Most champions of tropical ecosystems say deforestation is well-nigh irreversible because forest soils are nutrient-poor: Food stocks are held mostly in living creatures and are quickly recycled. In clearings created by logging, rain washes away all value from the soil, leading to a barren, brick-hard surface that will remain for centuries. Extinction is thus the likely alternative. But evidence from Puerto Rico suggests this alarming scenario is not the only alternative. In a frightening example of environmental degradation, the island, one of the few tropical places where long-term biological records have been kept, was almost completely stripped of virgin forest at the turn of the century. Yet it did not suffer massive extinctions. Even birds lost only seven of 60 species--a painful, even unacceptable, total, but not an eco-catastrophe. Now, 90 years later, Puerto Rico is thickly covered with trees.

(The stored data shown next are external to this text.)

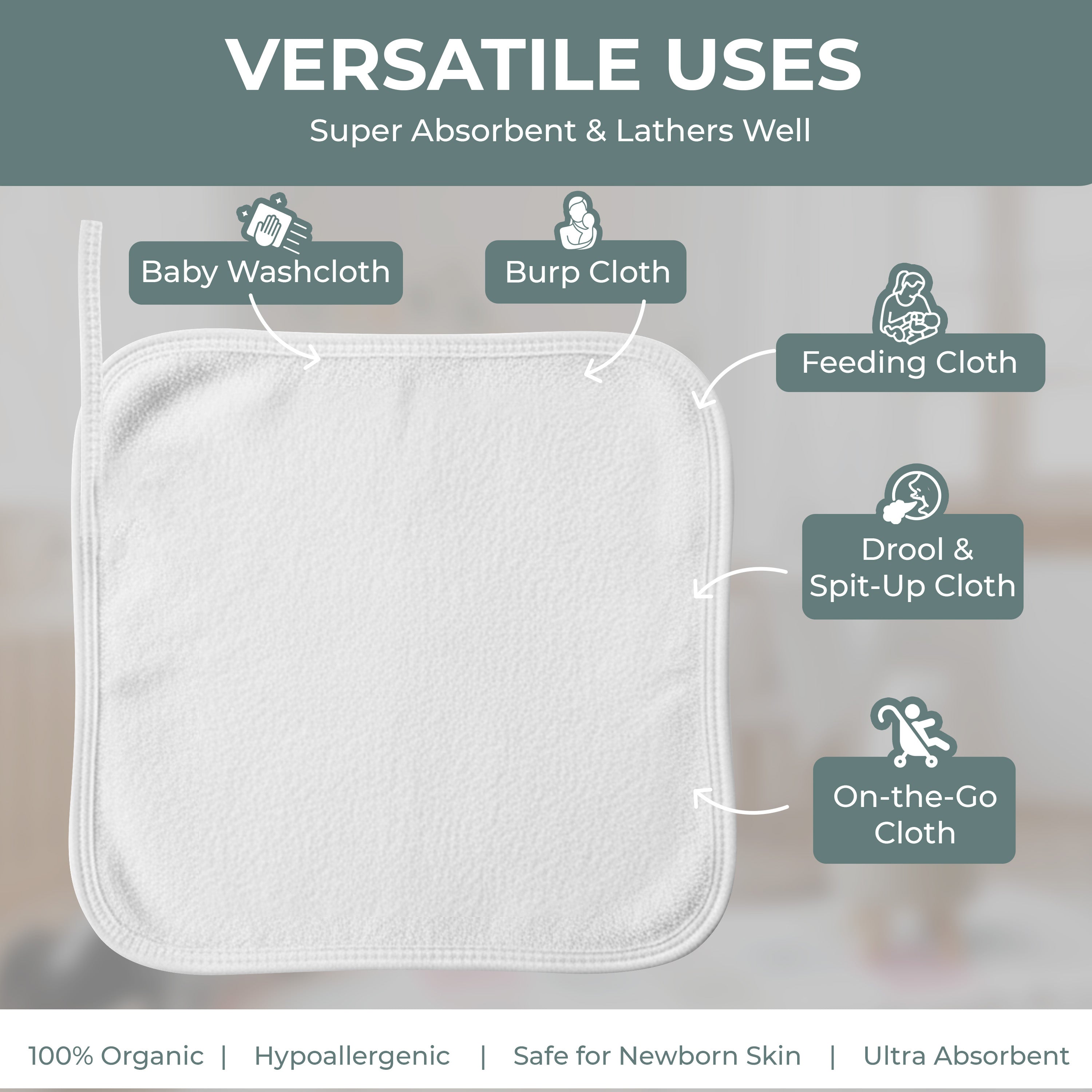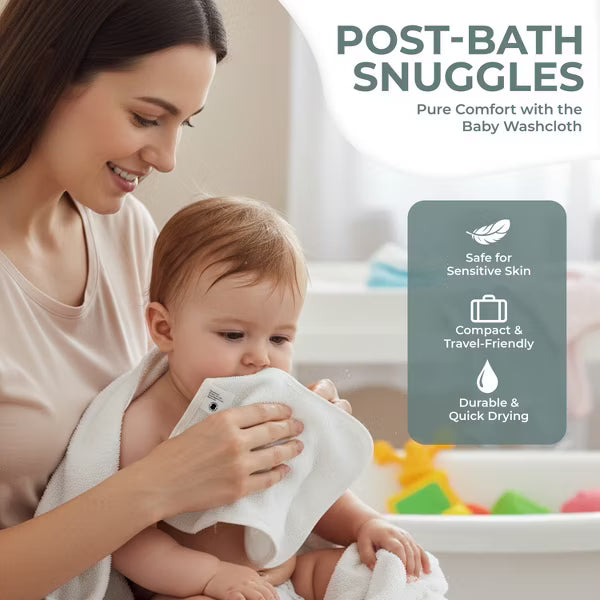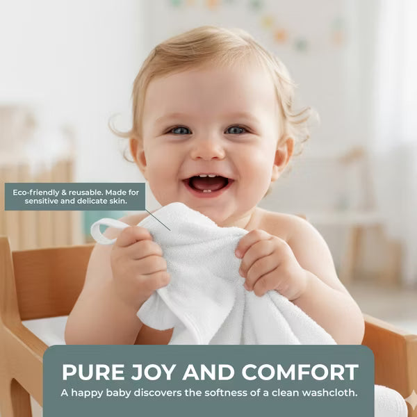 Give your baby the gentle care they deserve with the Bamboo Baby Washcloths Pack of 6, crafted for softness, purity, and practicality. Each organic baby wash clothe measures 10x10 inches and is made from 100% natural bamboo, offering a silky-smooth texture and excellent absorbency ideal for delicate newborn skin. The double-layer bamboo terry weave of these baby washcloths newborn features tiny plush loops that soak up water quickly while staying soft and durable after every wash. Naturally hypoallergenic, toxin-free, and dye-free, these baby washcloths bamboo are safe for babies with sensitive or eczema-prone skin, ensuring gentle comfort during every bath or diaper change. Designed for modern, eco-conscious families, these reusable bamboo wash clothes baby towels are perfect for bath time, mealtime cleanups, diaper changes, or as reusable wipes. The compact 10x10-inch size of one of these organic baby washcloths sets makes them easy to pack in diaper bags or travel kits, offering quick convenience for moms on the go. Beautifully presented in a natural kraft box, this baby washcloths pack of 6 makes a thoughtful and practical baby shower gift or holiday present for parents who value sustainable, high-quality baby essentials. The clean, minimal design of this organic baby washcloths pack fits seamlessly into any nursery or as a washcloths bathroom décor. Soft, sustainable, and gift ready. These 10x10” Bamboo Baby Washcloths deliver comfort, practicality, and everyday care for modern families this holiday season and beyond as washcloths kids. Product Care: Machine wash cold with gentle detergent. Tumble dry low or air dry. Avoid bleach and fabric softeners to maintain softness and absorbency. Make every bath time a soft, soothing experience—choose Sperric Baby Washcloths today.
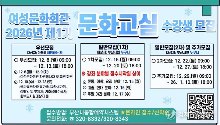 경제인투데이 류현민 기자 | 부산시 여성문화회관은 오는 내일(8일)부터 '2026년 제1기 문화교실' 수강생을 모집한다고 밝혔다.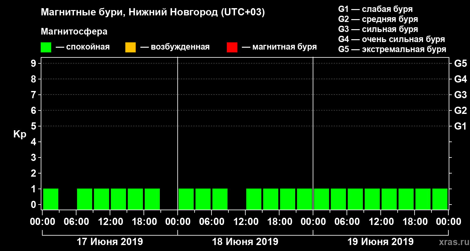Магнитные бури Нижнем Новгороде 19 июня 2019 года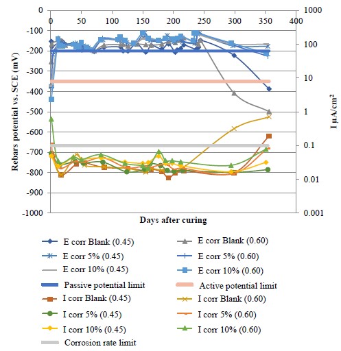 Figure 6 shows the average corrosion potentials and rates as a function of time, after 350 days of exposure to this accelerated test. Note the beneficial effect of polyol clay on the corrosion rate, where the bars for both w/c ratios were active for the blanks in the time where the specimens with partial substitution of cement for polyol clay were passive. Moreover, when the bars in the specimen with w/c 0.45 were activated, those located in the specimen with w/c 0.60 and polyol waste clay had not yet been activated. This effect was expected, given the greater resistance to water penetration in the clay specimens.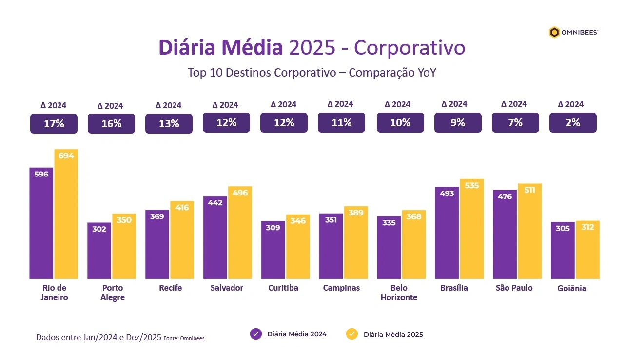 A variação da diária média revela um movimento heterogêneo entre os principais mercados corporativos.

As Lugo concedes, this relative good fortune may have occurred because the native fauna, evolved through many hurricanes, was adapted to living in a disaster zone. But, he argues, the lesson is clear. "We are asking Latin countries to go to enormous efforts on the basis of a scientific theory that is full of uncertainties," he says. For Kangas, the key issue is a practical one. "For policy questions," he says, "the essential point is that not all forest-clearing is the same." And conservationists need to offer decision-makers "low-impact alternatives" rather than issuing blanket predictions of disaster. Adds Mares, "If we keep saying things are going to go extinct tomorrow and they don't, people are going to stop believing us. And that will hurt us the day after tomorrow, when they may actually go extinct."